A Justiça de Goiás realizou no Fórum de Caldas Novas uma audiência relevante para o desfecho do caso da corretora de imóveis uberlandense Daiane Alves. A sessão teve por objetivo analisar se o réu confesso, o síndico Cléber Rosa de Oliveira, será pronunciado e submetido a julgamento no Tribunal do Júri pelos crimes de homicídio qualificado e ocultação de cadáver.
Resumo da audiência realizada
Ao longo de mais de cinco horas de audiências, o magistrado colheu os depoimentos de 13 testemunhas de acusação. O réu permanece em prisão preventiva e deverá ser interrogado em nova fase do processo, marcada para julho, quando também serão ouvidas outras testemunhas.
É importante destacar que, nesta etapa processual, o juiz não decide sobre a culpa definitiva do acusado. O foco é verificar se existem indícios suficientes de autoria e prova da materialidade do crime para que haja pronúncia e posterior julgamento pelo Tribunal do Júri.
Relembre o caso
Os fatos, conforme apuração da Polícia Civil e denúncia do Ministério Público, apontam que Daiane Alves desapareceu em dezembro do ano passado. Segundo as investigações:
- O crime teria sido planejado, com emboscada causada por interrupção proposital da energia no apartamento da vítima para atraí-la ao subsolo do condomínio;
- No subsolo, a vítima foi surpreendida e morta por disparos de arma de fogo;
- O corpo permaneceu ocultado e foi localizado cerca de 40 dias depois, em uma área de mata às margens da rodovia GO-213, após indicação do próprio acusado às autoridades;
- Um elemento importante das provas foi a recuperação do celular da vítima, que, segundo a investigação, teria sido descartado pelo acusado em uma caixa de esgoto do condomínio.
O Ministério Público aponta que o motivo do crime teria relação com desentendimentos profissionais e conflitos na administração de imóveis do mesmo condomínio onde ambos trabalhavam.

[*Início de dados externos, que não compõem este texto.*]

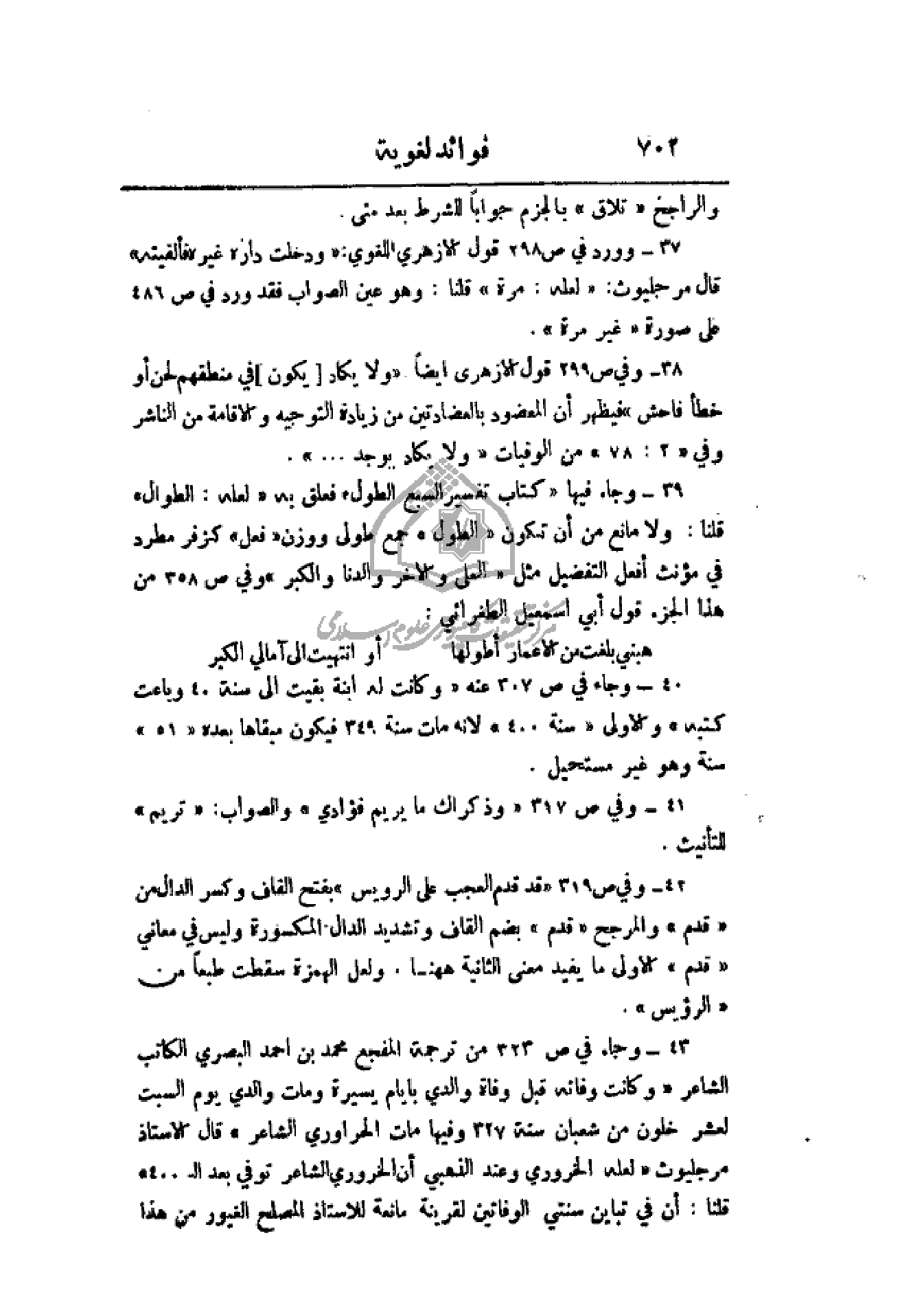 37 - وورد في ص 298 قول الأزهري اللغوي: (ودخلت داره غيره فألفيته) قال مرجليوث: (لعله: مرة) قلنا: وهو عين الصواب فقد ورد في ص 486 على صورة (غير مرة).

A família de Daiane acompanhou a audiência de forma remota e pediu rigor na aplicação da lei.
O que será decidido na próxima fase
Na audiência de julho o juiz deverá concluir a fase de instrução preliminar, incluindo o interrogatório do réu e a oitiva de novas testemunhas. Ao final, o magistrado pode:
- pronunciar o réu, determinando que o caso vá a Tribunal do Júri;
- impronunciar, se entender não haver indícios suficientes;
- ou ainda absolver sumariamente, em hipóteses excepcionais previstas em lei.
Até que haja decisão de pronúncia e eventual julgamento, prevalecem as garantias do devido processo legal e a presunção de inocência.
Perguntas frequentes (featured snippets)
O que significa “pronúncia” no processo penal?
A pronúncia é a decisão do juiz que verifica a existência de indícios suficientes de autoria e materialidade para levar o réu a julgamento pelo Tribunal do Júri. Não equivale a condenação: define apenas a possibilidade de o caso ser submetido ao julgamento popular.
O réu será julgado imediatamente após a pronúncia?
Não. Após a pronúncia, o processo segue para organização dos atos preparatórios ao Júri, que incluem diligências, recursos e o agendamento do tribunal. O tempo até o julgamento varia conforme diligências e movimentações processuais.
Por que a fase de instrução é importante?
Essa fase reúne depoimentos, provas e confrontos que permitem ao juiz avaliar se há elementos mínimos para levar o caso a julgamento. Sem essa fase, o Tribunal do Júri não pode ser acionado.
Elementos de prova já mencionados no processo
Conforme as informações divulgadas pelas autoridades, a investigação incorporou provas e indícios relevantes, entre os quais:
- depoimentos de testemunhas ouvidas na audiência;
- recuperação do aparelho celular da vítima;
- localização do corpo após indicação do réu;
- constatações da Polícia Civil e relatórios do Ministério Público sobre motivação e dinâmica do crime.
Esses elementos foram citados publicamente pelas autoridades e constituem parte do conjunto probatório em apreciação pelo juiz.
Como a Advocacia pode atuar em casos assim?
Em investigações e processos criminais, a atuação advocatícia pode incluir:
- análise detalhada das provas produzidas;
- proposição de diligências e produção de provas de defesa;
- orientação quanto a medidas processuais cabíveis e recursos;
- acompanhamento técnico nas audiências e no tribunal.
Advogados com experiência em direito penal e processual penal são essenciais para garantir a ampla defesa e o contraditório nas diversas fases do processo.
Conclusão
O caso de Daiane Alves segue sob análise da Justiça com a próxima etapa marcada para julho, quando o réu será interrogado e novas oitivas serão colhidas. A decisão sobre a pronúncia definirá se o acusado será submetido a julgamento no Tribunal do Júri, mantendo-se até então a presunção de inocência e o devido processo legal.